A recent Chinese study has indicated that the deficiency of vitamin D is associated with PAD in T2DM patients after adjustment for various risk factors [9]. Another study has also confirmed that deficiency of vitamin D, as an independent factor, can increase the risks of PAD incidence [28]. One possible explanation may be that a normal vitamin D level can prevent foam cell formation, while vitamin D deficiency may promote the progression of atherosclerosis [29]. In this study, however, we found no association between the levels of 25(OH)D and PAD in middle-aged and elderly T2DM patients, possibly because the number of PAD patients is relatively small. A second possible reason may be due to age differences, as our patients were younger (limited to middle-aged and elderly patients) than the populations in the other studies. The vitamin D receptor expression level descends linearly with age [30], suggesting that extremely high levels of 25(OH)D would probably be a necessity to the elderly to prevent atherosclerotic processes [31]. In addition, our diagnostic criterion for PAD differed from the other studies, as we also included patients identified during angioplasty examinations.

In our study, there is a trend that the levels of serum 25(OH)D are correlated with HbA1c, which significantly differed between patients with insufficient and deficient vitamin D in T2DM patients with PAD. This suggests that active glucose control not only is a benefit to the PAD prevention and therapy but also may be beneficial for the increase of 25(OH)D.

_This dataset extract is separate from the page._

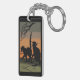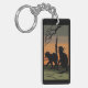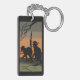 Dieses Bild zeigt 2 schwarze Katzen mit leuchtenden Augen, die auf einem Grasstreifen unter einem Zweig eines toten Baumes stehend sind. Der Himmel hinten ist orange und hellschwarz. Ein schwarzer Rahmen wurde hinzugefügt. Diese Schlüsselketten sind in verschiedenen Stilen und Größen erhältlich.
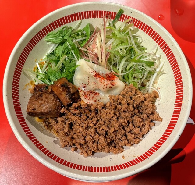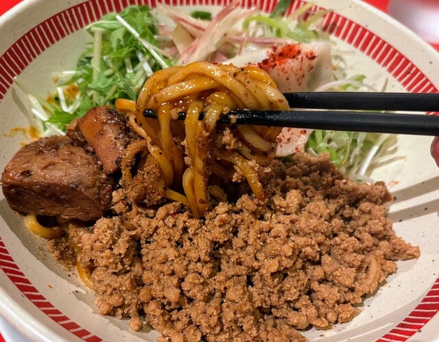 肉盛りまぜそば1,050円、両親はまぜそば950円をそれ...

In terms of limitations of considering only Chinese people in the present study, the results generalizing to other ethnic people can probably be not appropriate due to racial different levels of 25(OH)D [32]. In addition, data on drug therapy were not collected and analyzed which is warranted to be done in the future in-depth studies.

5. Conclusions

In conclusion, findings in this study demonstrated that deficiency of vitamin D was not linked to PAD, but HbA1c may be correlated to the occurrence of PAD in middle-aged and elderly patients with T2DM in China. Furthermore, the prevention of PAD incidence and progression should be studied and performed in T2DM patients with clinical characteristics with high risks.